Embodiments of the present disclosure relate to a minimally invasive endoluminal annuloplasty system and method of use that includes a guide catheter configured to direct a working catheter to a treatment site within a heart. The guide catheter may be translatably disposed within the working catheter which may be translatably disposed within an introducer sheath configured to extend transluminally into the heart. The guide catheter may be sized for low noise, and/or may be formed from a material that aids visualization. In one embodiment the guide catheter comprises a distal guidewire anchor configured to embed into tissue at the treatment site. The working catheter may then be directly advanced over the guide catheter to the treatment site, thereby reducing the potential of inadvertent contact between the working catheter and other heart features.
According to one aspect, a system comprises an introducer sheath having a lumen extending from a proximal end to a distal end and configured to be transluminally advanced into a cardiac cavity including a treatment site, a working catheter configured for longitudinal translation within the introducer sheath to position a distal tip of the working catheter proximate to the distal end of the introducer sheath and a guide catheter translationally disposed within the working catheter, the guide catheter comprising a translation mechanism configured to advance a distal end of the guide catheter through the distal end of the working catheter to the treatment site to provide a path to the treatment site for the working catheter.
In some embodiments, the guide catheter may comprise a distal guidewire anchor disposed on the distal end, and the translation mechanism is configured to drive the distal guidewire anchor into tissue of the treatment site to secure the guide catheter to the treatment site. In various embodiments, the distal guidewire anchor may include at least one of a helical member, a clamp member, a hook member, or a needle member. A proximal end of the introducer sheath may comprise a steering controller coupled to the distal end of the introducer sheath to guide the distal end of the introducer sheath to the cardiac cavity. The working catheter may comprise a distal tissue engagement mechanism and a proximal tissue engagement control mechanism.
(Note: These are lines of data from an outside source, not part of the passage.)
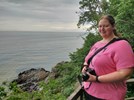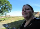 Efter vores bison-eventyr kørte vi mod Paradisbakkerne nær Nexø, for at se den "rigtige" rokkesten. Der er åbenbart flere rokkesten på Bornholm - men nu vil vi se Rokkestenén! Det var vi ikke de eneste der ville... Vi har generelt bemærket, at der i løbet af de sidste par dage er kommet RIGTIGT MANGE turister til øen. Så vi er begge glade for, at vores Bornholms-tur er ved at være slut. Men parkeringspladsen ved Rokkestenen var i hvert fald fuld. Så vi måtte parkere langs vejen i stedet. På vej ind til Rokkestenen havde vi læst, at man kunne skyde genvej ved at gå til venstre, på et eller andet tidspunkt... Men det var TYDELIGVIST ikke der hvor vi valgte at gå til venstre. Vi kom ud på en sti (hvis man kan kalde den det), som gik i svært fremkommeligt terræn, op og ned, ad klipper og bakker i skoven, med trærødder som hele tiden prøvede at spænde ben for os. Vi var lige ved at give op, men fortsatte alligevel frem, indtil vi - omsider og heldigvis - nåede Rokkestenen. Vi fik taget de obligatoriske billeder, og Thomas var lige ved at vælte Rokkestenen omkuld i sit forsøg på at rokke den. På tilbagevejen fulgte vi den afmærkede rute, som gik ad en næsten plan grussti, hele vejen tilbage til parkeringspladsen...!!!
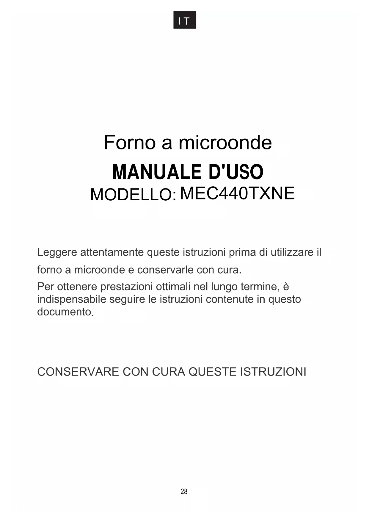 Leggere attentamente queste istruzioni prima di utilizzare il forno a microonde e conservarle con cura. Per ottenere prestazioni ottimali nel lungo termine, è indispensabile seguire le istruzioni contenute in questo documento
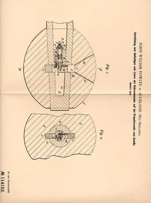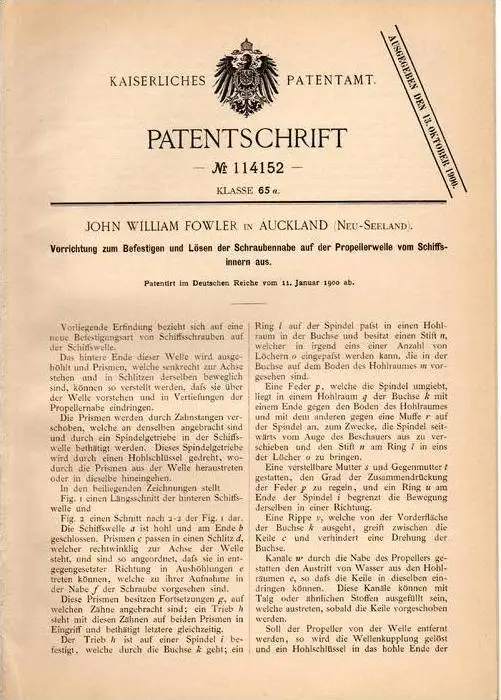 Original Patentschrift - J. Fowler in Auckland , Neuseeland , 1900 , Vorrichtung für Propellerwellen von Schiffen !!!
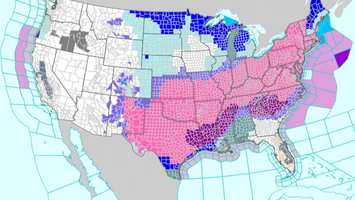 Furtuna de iarnă este așteptată să se extindă, pe parcursul weekendului, din sudul SUA până în nord-estul țării, aducând cantități mari de zăpadă și gheață. Conform postului american ABC, în anumite regiuni s-ar putea depune un strat de polei cu grosimea de două până la trei centimetri, suficient pentru a „paraliza traficul rutier”.
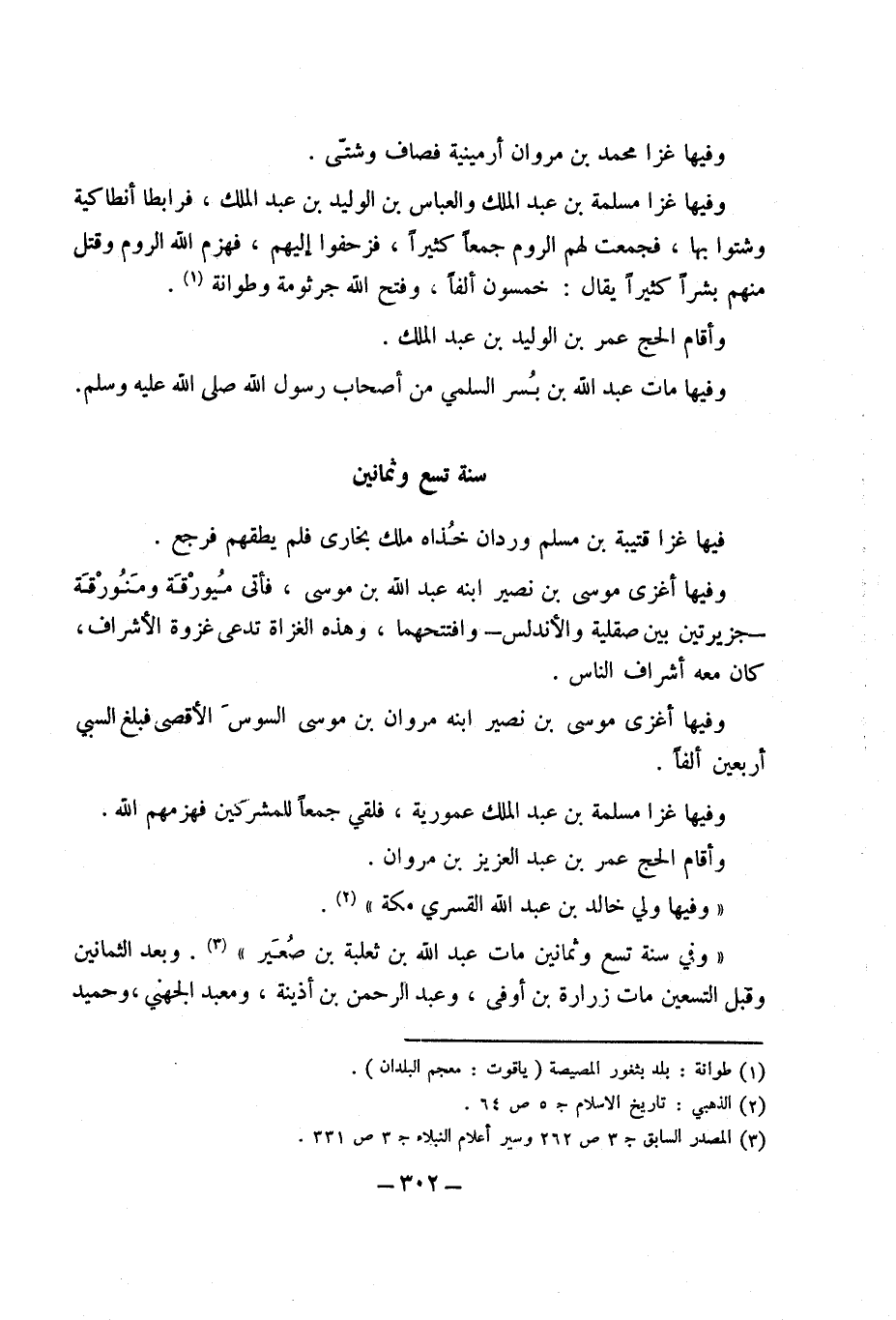 سنة تسع وَثَمَانِينَ فِيهَا غزا قُتَيْبَة بْن مُسلم وردان خذاه ملك بُخَارى فَلم يطقهم فَرجع وفيهَا أغزى مُوسَى بْن نصير ابْنه عَبْد اللَّهِ بْن مُوسَى فَأتى ميورقة ومنورقة جزيرتين بَين صقلية والأندلس وافتتحهما وَهَذِه الْغُزَاة تدعى غَزْوَة الْأَشْرَاف كَانَ مَعَه أَشْرَاف النَّاس وفيهَا أغزى مُوسَى بْن نصير ابْنه مَرْوَان بْن السوس الْأَقْصَى فَبلغ السَّبي أَرْبَعِينَ ألفا وفيهَا غزا مسلمة بْن عَبْد الْملك عمورية فلقي جمعا للْمُشْرِكين فَهَزَمَهُمْ اللَّه وَأقَام الْحَج عُمَر بْن عَبْد الْعَزِيز بْن مَرْوَان وفيهَا ولي خَالِد بْن عبد الله الْقَسرِي مَكَّة
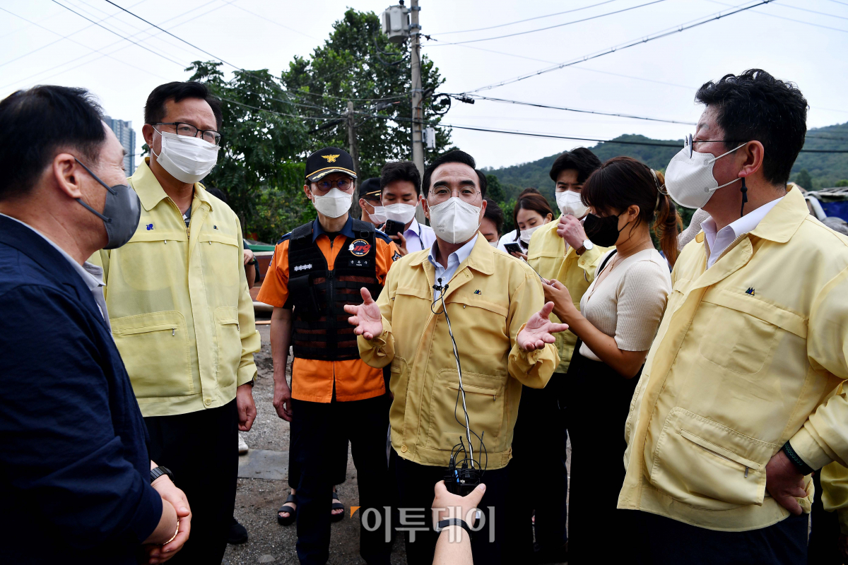 [포토] 구룡마을 수해현장 살펴본 뒤 발언하는 박홍근
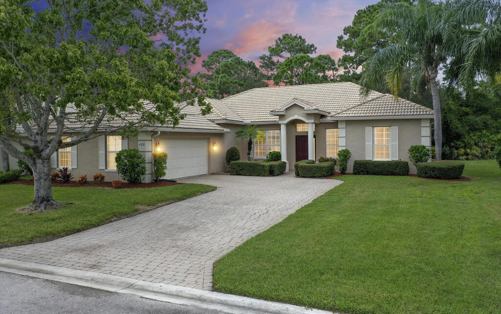 This meticulously maintained 4 bedroom home is perfect for anyone wanting endless space and a wonderful community feel. Backing up to a serene wooded backyard, exterior amenities include a barrel tile roof, gutters, inground sprinkler system, coined stucco edges, and an 8500 watt home generator. Step inside and you'll love the 10' orange peel ceilings, crown molding, and jaw dropping views from your private screened patio. The kitchen boasts gorgeous granite countertops, a matching stainless steel Whirlpool appliance package, and 16'' tile (throughout the main). All 4 bedrooms have been upgraded to luxury vinyl tile. The master bedroom offers a cozy seating area with underneath storage, perfect for book reading, as well as 2 spacious his-and-hers walk in closets. The master bedroom has a
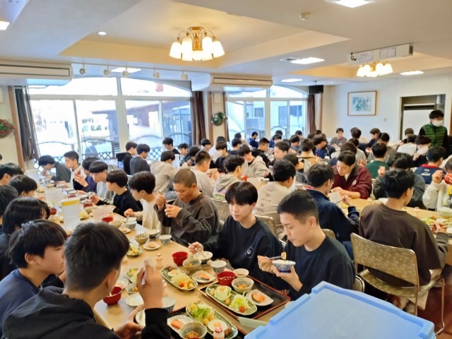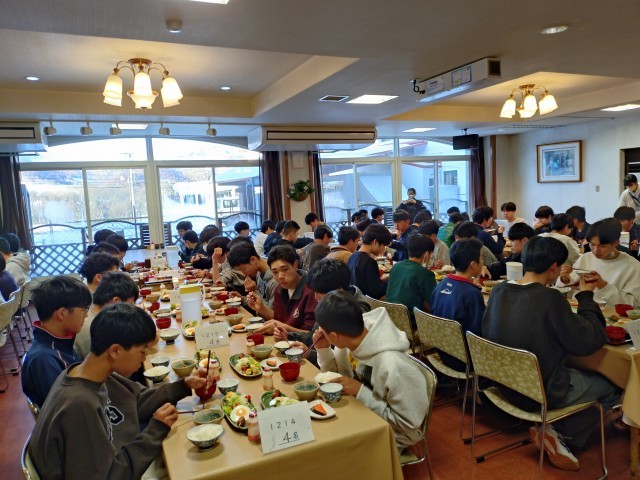 今朝の朝食の様子です。たくさん食べて今日も元気に滑ろう!
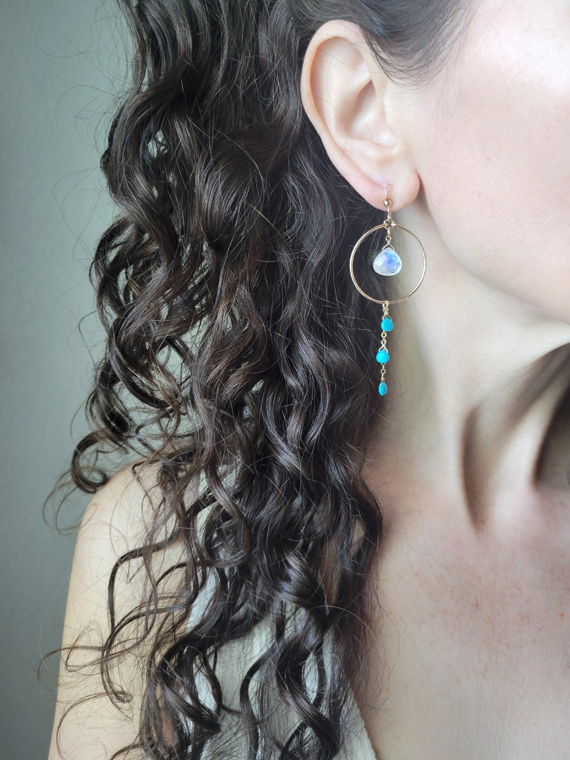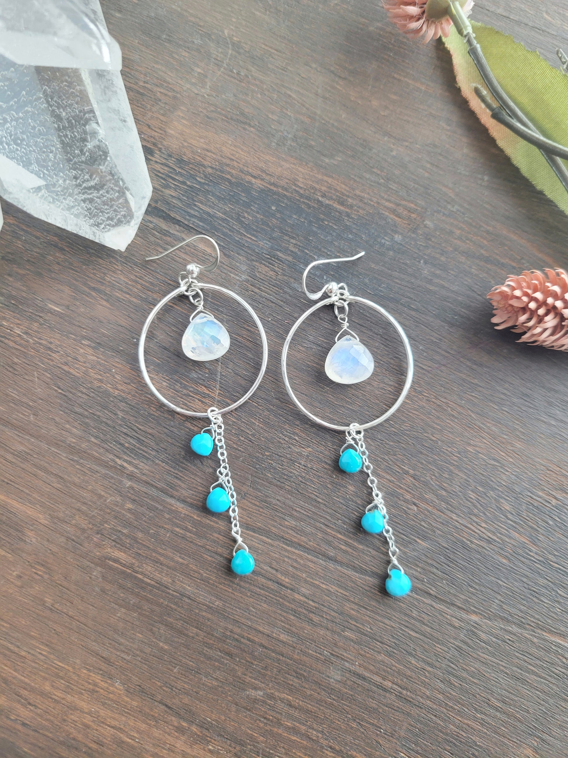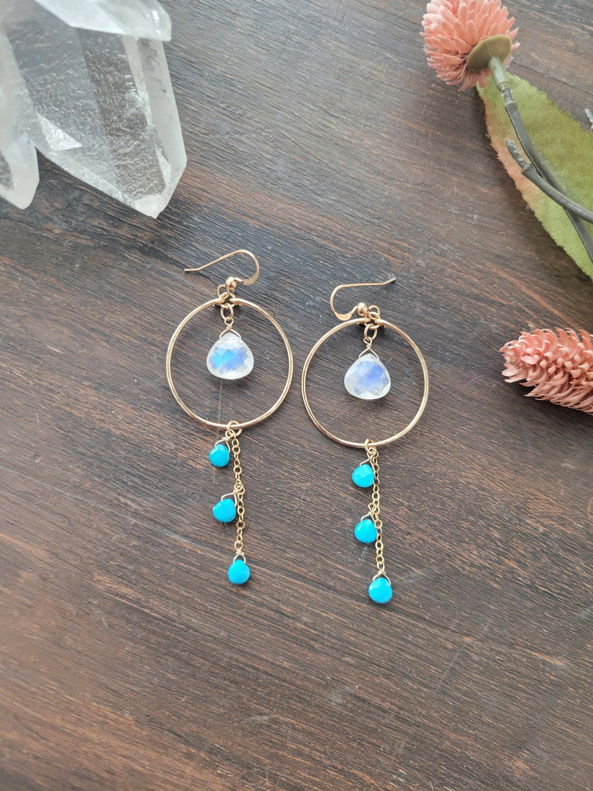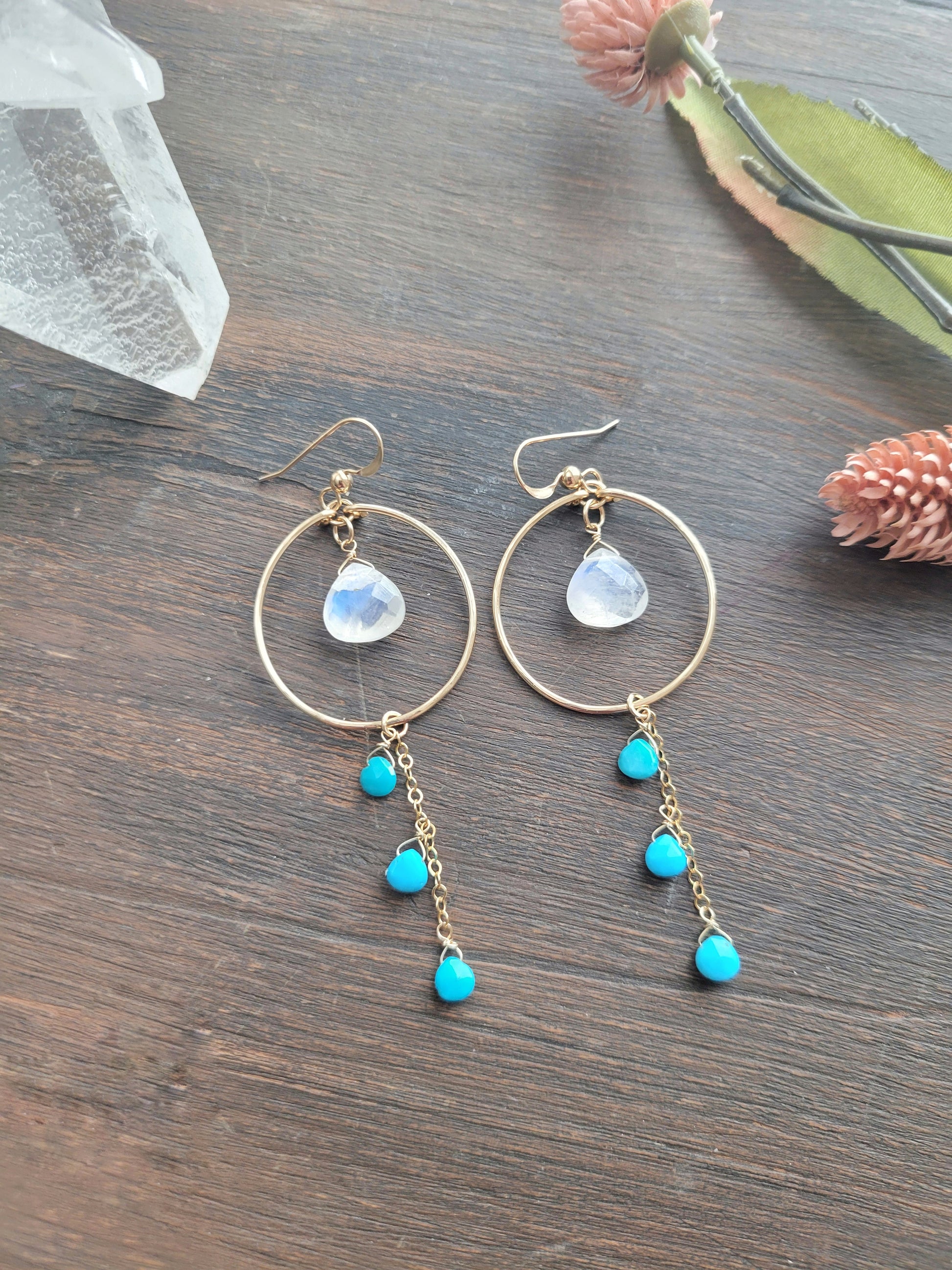 Gorgeous Rainbow Moonstone and Sleeping Beauty Turquoise Dangle Hoop Earrings. These beauties are lightweight and will add some fun and color to any outfit.
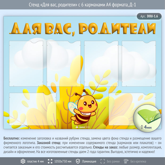 Стенд «Для вас, родители» с 6 карманами А4 формата (DOU-1.6) в Магнитогорске купить
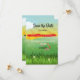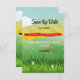 Festival theme green fields and Sunshine Save the Date card.
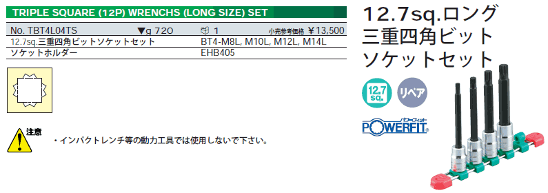 [KTC-TBT4L04TS] 1/2sq ロングトリプルスクェアソケットセット
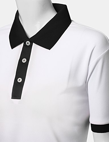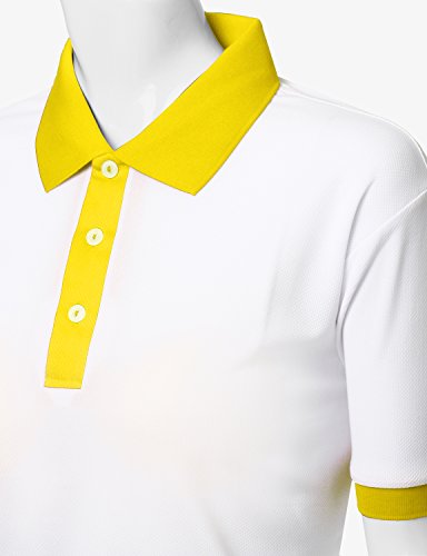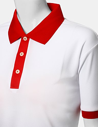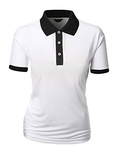 2-tone short sleeve T-shirt with unique collar and sleeve color contrast design. Maintains shape upon repeated wash.
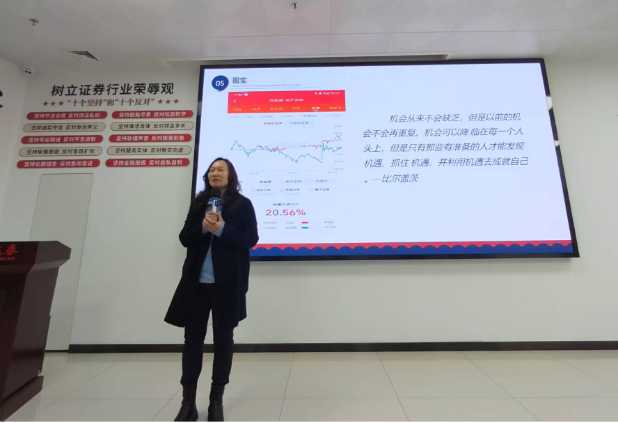 活动中,东莞证券资深投资顾问钟芙瑾带来了一场生动的金融实务讲座。内容聚焦当前证券市场热点,结合投资理财、财富管理等实际案例,深入剖析了行业趋势、风险管理及投资策略设计。
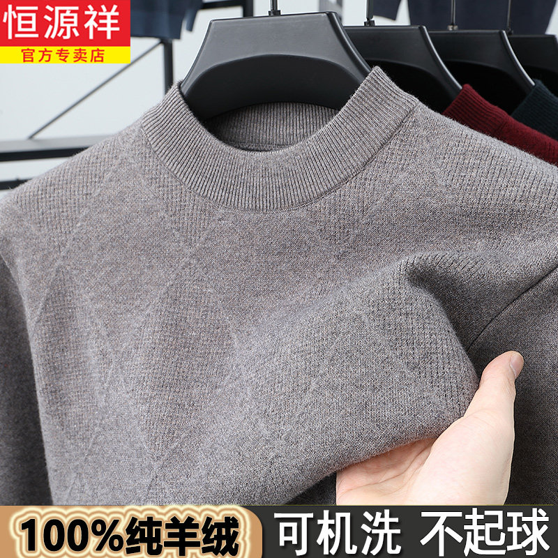 可机洗不起球!恒源祥纯羊绒衫男
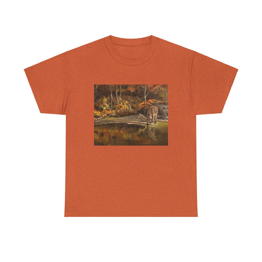 Unisex Heavy Cotton Tee, Deer Haven, Natural Landscape, Sportsman
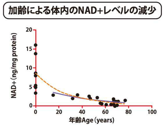 鍵を握るのは、NAD(ニコチンアミドアデニンジヌクレオチド)という物質です。NADは、細胞内のミトコンドリアにおけるエネルギーの産出に欠かせない補酵素で、サーチュインを活性化させる役割を担うとされています。組織中のNAD量は加齢と共に減少しますが、NADを増やすことができれば、サーチュインを活性化させ老化を遅らせる効果を期待できます。
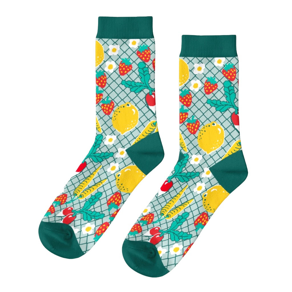Bring the farmer’s market to everyday outfits with these comfy crew socks. Premium combed cotton and bright produce inspired graphics make them an easy pick for foodies and gift giving.
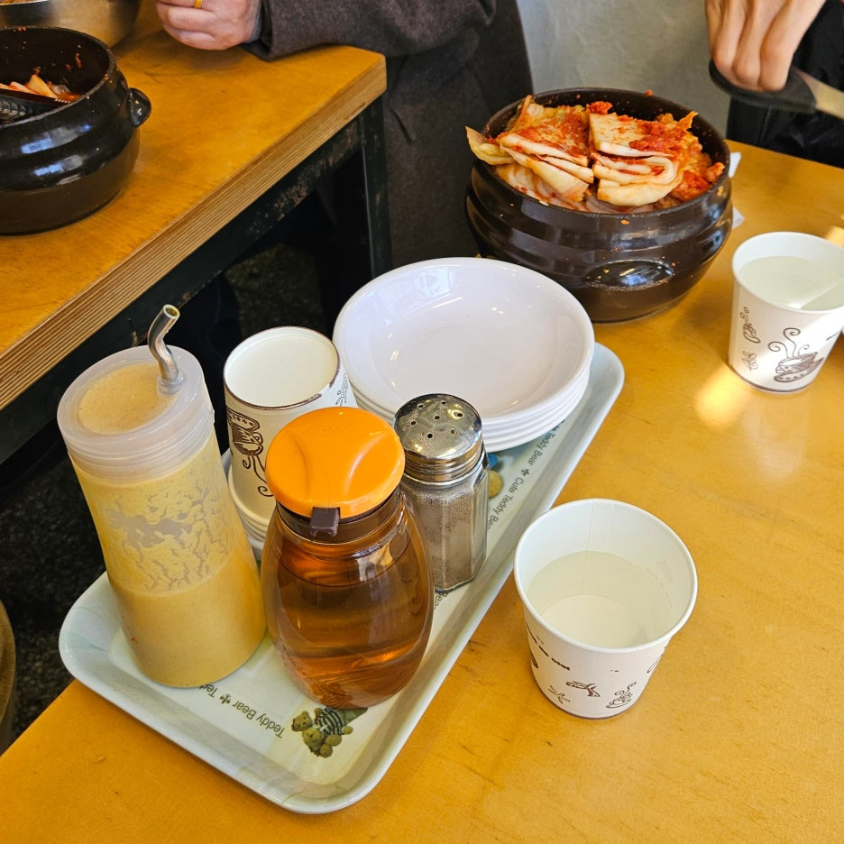 3월 초라 날씨가 쌀쌀해 한산할 줄 알았는데, 오후 12시 30분 피크 타임에 도착하니 역시나 대기가 있었다. 다행히 5분 정도 짧게 대기하고 입장했지만, 우리 뒤로 줄이 금세 길어졌다. 내부는 한 층의 아담한 공간이라 늘 붐빈다. 방송과 유튜브에 소개되면서 더욱 핫해진 느낌이다.

In some embodiments, the system may include an implant stylet, slidably disposable within a working channel of the working catheter, the implant stylet comprising at least one implant component supported within a distal end of the implant stylet. The system may include a staging structure comprising at least one of an introducer sheath support, a working catheter support or an implant stylet support. The staging structure may include a catheter stand comprising a rail, and the working catheter support may be slideably disposed on the rail of the catheter stand such that movement of the working catheter support along the rail translates the working catheter within the introducer sheath.
In some embodiments, the translation mechanism may be further configured to retract the guide catheter into the distal end of the working catheter. Some embodiments may include a visualization mechanism disposed proximate to the distal guidewire anchor upon one of the guide catheter, the distal guidewire anchor or the working catheter. The visualization mechanism may comprise, for example, an Intra-Cardiac Echo (ICE) transducer.
According to another aspect, an annuloplasty method includes the steps of transluminally advancing an introducer sheath having a lumen extending from a proximal end to a distal end into a cardiac cavity including a treatment site, advancing a distal end of a working catheter to the distal end of the introducer sheath, advancing a guide catheter past the distal end of the working catheter to the treatment site to provide a path for the working catheter and anchoring the distal end of the guide catheter to the treatment site.
In some embodiments, the method may include translating the working catheter to the treatment site along the path provided by the guide catheter. The method may further include withdrawing the working catheter from the treatments site over the guide catheter to position the distal end of the working catheter proximate to the distal end of the introducer sheath. The method may include releasing the distal end of the guide catheter from the treatment site, advancing the distal end of the guide catheter to a second treatment site, and advancing the distal end of the working catheter to the second treatment site over the guide catheter.
According to a further aspect, a catheter system includes a working catheter configured for advancement within an introduction catheter to at least a position within a cardiac cavity where a distal tip of the working catheter is removed from a treatment site of the cardiac cavity, a guide catheter translationally disposed within the working catheter, the guide catheter comprising a translation mechanism configured to advance the guide catheter through the working catheter to the treatment site, the guide catheter comprising an attachment mechanism for coupling a distal end of the guide catheter to the treatment site and a mechanism configured to slidably advance the working catheter along the guide catheter to the treatment site. In some embodiments, the catheter system may further include a distal guidewire anchor coupled to the guide catheter and the translation mechanism is configured to drive the distal guidewire anchor into tissue of the treatment site to secure the guide catheter to the treatment site. In various embodiments, the distal guidewire anchor may include at least one of a helical member, a clamp member, a hook member, or a needle member. The working catheter may comprise an annuloplasty catheter including a tissue engagement mechanism at its distal end including at least one of a needle, a hook, a clamp, a screw, a frame or an anchor. In some embodiments, the catheter system may include a visualization mechanism disposed proximate to the attachment mechanism of the guide catheter.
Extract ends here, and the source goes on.